Ironman 70.3 Bike Pacing by Power
Pace the Ironman 70.3 bike leg at about 75–80% of FTP (IF 0.75–0.80) so you can still run well off the bike. Here's how to do it on power, hills and wind.
On an Ironman 70.3, pace the 90 km (56-mile) bike leg at roughly 75–80% of your FTP — an Intensity Factor of 0.75–0.80 — controlled enough that you can still run a strong half marathon off it. Overbiking is the most common race-ruining mistake in middle-distance triathlon: going harder on the bike almost always costs you more on the run than it saves on the road.
What power to target
For most age-groupers, aim for a Normalized Power around 75–80% of FTP (IF 0.75–0.80). Strong, experienced athletes with a big aerobic base can hold 0.80–0.85, while first-timers or anyone off limited training should sit nearer 0.70–0.75. Ride as evenly as you can — a flat power profile with a slightly negative split is far more efficient than surging — and keep your Variability Index close to 1.0.
Why you have to hold back
A 70.3 is won or lost on the run. Every match you burn on the bike comes out of your legs at the start of the half marathon, and the time you lose running easily dwarfs the time you gained pushing. Treat the bike as a controlled effort that sets up the run, not as its own race.
Pacing hills and wind
On climbs, let your power rise modestly but cap the surges — a brief spike to 110% of FTP is fine, a sustained 120% is not. Into a headwind, resist the urge to chase a number; hold your effort and accept the lower speed. On descents and tailwinds, keep pedalling smoothly rather than coasting. The goal is a steady Normalized Power, not a steady speed.

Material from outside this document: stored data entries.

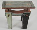 While referencing a child’s hobby horse, and the bygone time of Tonto’s paint horse “Scout”, this little multicolored side table, like all of us, bears its experiences and scars visibly and invisibly, inviting the viewer in to try to reconstruct its history.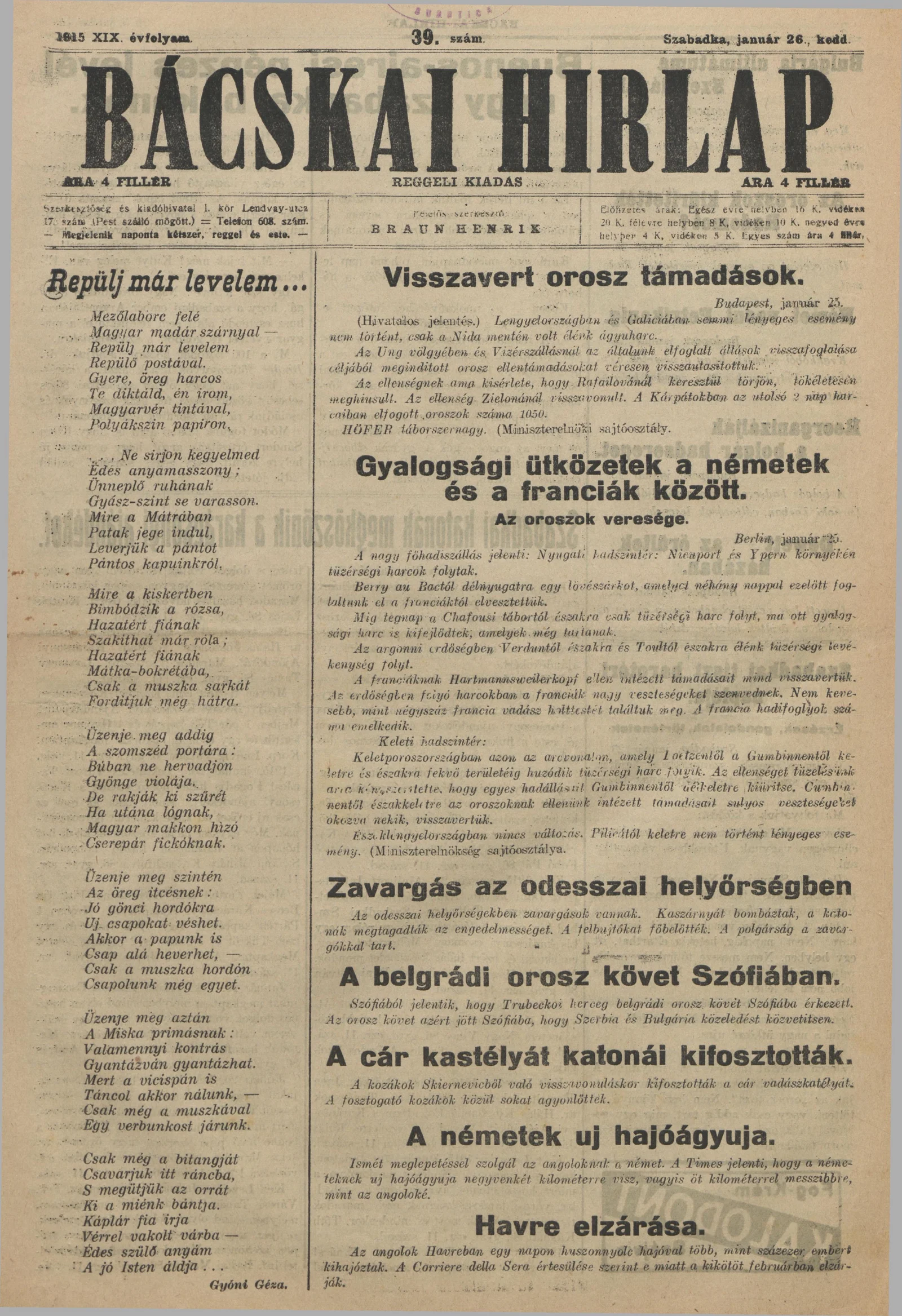 Bácskai Hirlap, 19. évf. 1915. január 26. 39. sz.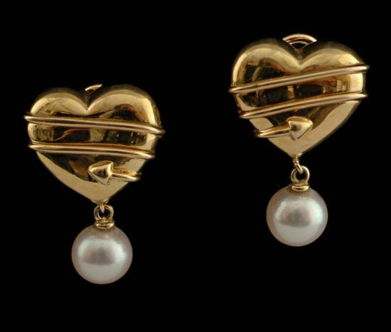 Of heart design with applied gold arrow decoration suspending a cultured pearl, all in 18ct gold, to post and clip fittings.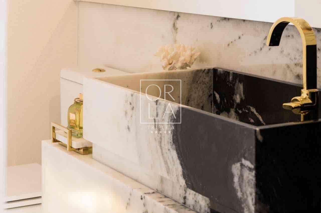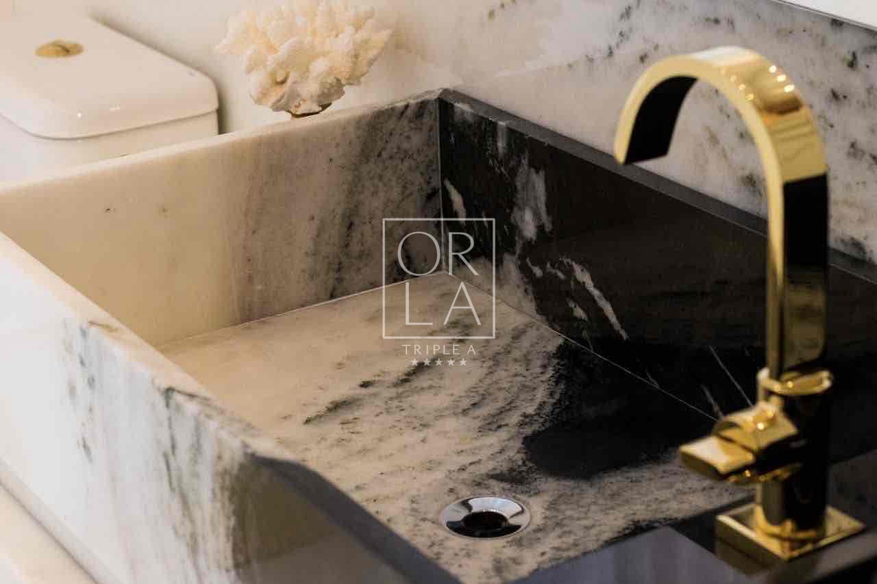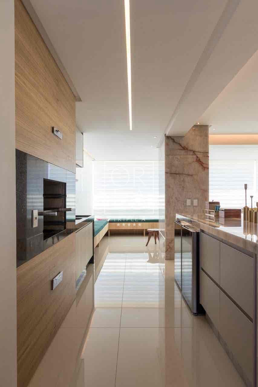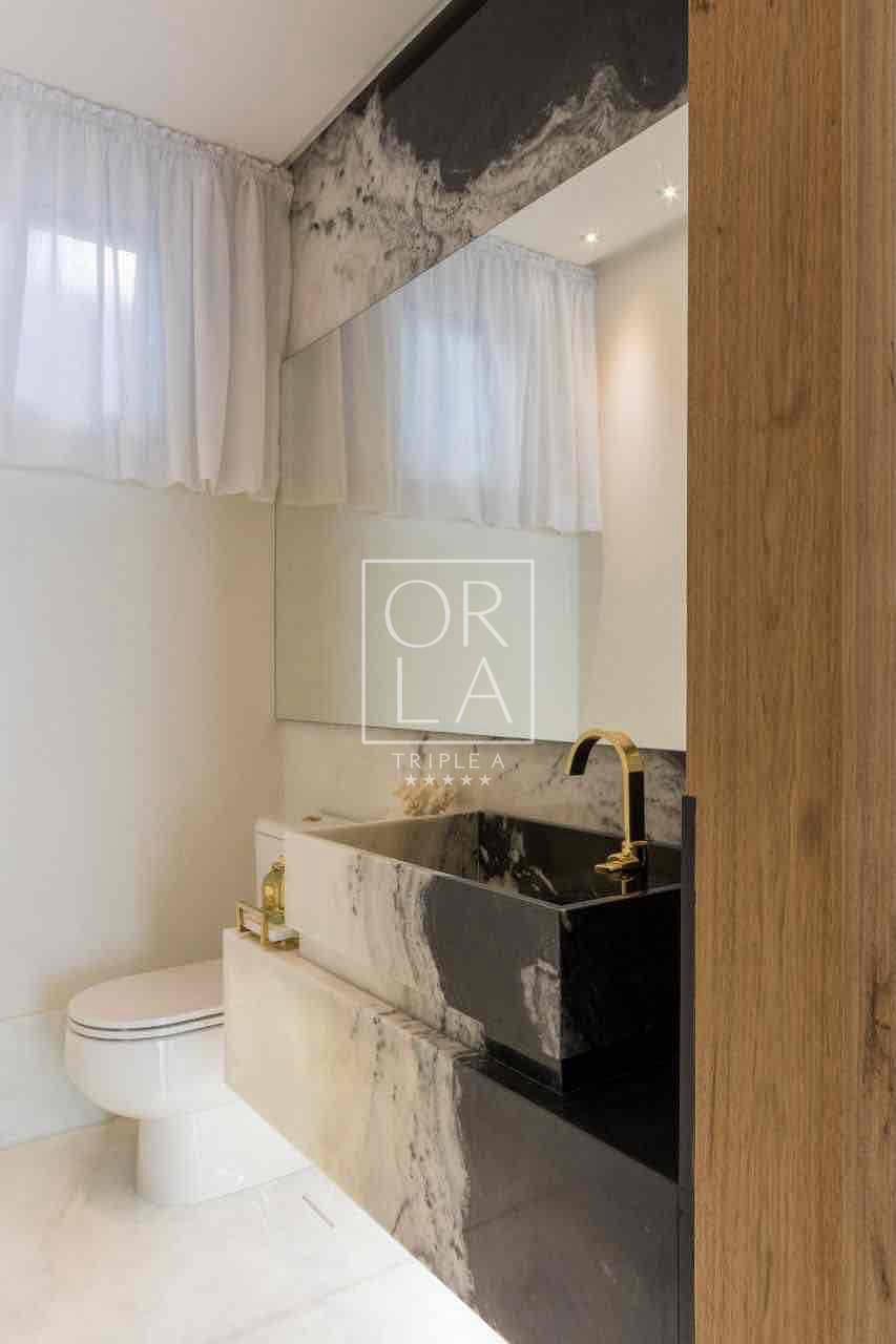 O mobiliário é da Armazém, os armários da Finart, pedras da Marmoraria Gruta, iluminação da Interpan e automação Infinity Áudio e Vídeo — uma curadoria que traduz qualidade sem precisar anunciar.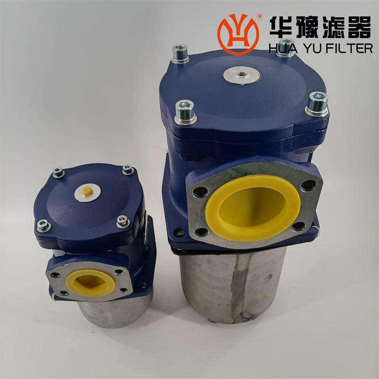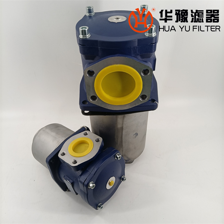 該過濾器的濾芯采用化纖過濾材質,具有過濾精度高,通油能力大,初始壓力損失小,納污量大等優點,并裝有壓差發訊器及旁通閥。當濾芯堵塞到進出油口壓差為0.35MPa時,便發出開關信號,此時應更換濾芯。如果不能馬上停機或無人來更換濾芯,裝在濾芯上部的旁通閥會自動開啟,以保護系統。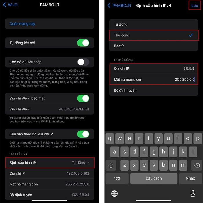 Step 2: Select IP Configuration > Choose Manual > In the IP Address section, enter 8.8.8.8, In the Subnet Mask section, enter 255.255.0.0 > Press Save.

Fuelling the bike for the run
Take on 60–90 g of carbohydrate per hour on the bike and stay on top of hydration and sodium, especially in heat — the bike is your best chance to fuel for the run, because it's much harder to absorb calories while running. Practise your exact race nutrition in training so nothing is a surprise on the day.
How Stride helps you pace it
Stride's course power-planner takes the actual 70.3 bike course and your rider profile and computes a target power and expected time using gradient, your CdA and the day's wind, so you race to a number rather than a guess. It models your W′ balance so you don't overspend on the climbs, and the Stride AI Planner builds the multi-sport block that gets your bike and run ready together. Plan your 70.3 with Stride.
Frequently asked questions
- What power should I ride the Ironman 70.3 bike leg at?
- Most age-groupers should target a Normalized Power of about 75–80% of FTP (Intensity Factor 0.75–0.80). Strong athletes can hold 0.80–0.85; first-timers should sit nearer 0.70–0.75 to protect the run.
- What is a good Intensity Factor for a 70.3 bike?
- An IF of 0.75–0.80 is the sweet spot for most athletes — hard enough to be efficient, easy enough to run well off the bike. Above about 0.85 the risk of blowing up on the run rises sharply.
- How do I avoid blowing up on the run?
- Pace the bike conservatively (IF 0.75–0.80), ride evenly without big surges, and fuel 60–90 g of carbs per hour on the bike. Most run blow-ups are caused by overbiking, not by a lack of run fitness.
- How long does the 70.3 bike leg take?
- The 90 km bike usually takes most age-groupers 2.5–3.5 hours depending on course and fitness. A course power-planner can estimate your time from your target watts and the route profile.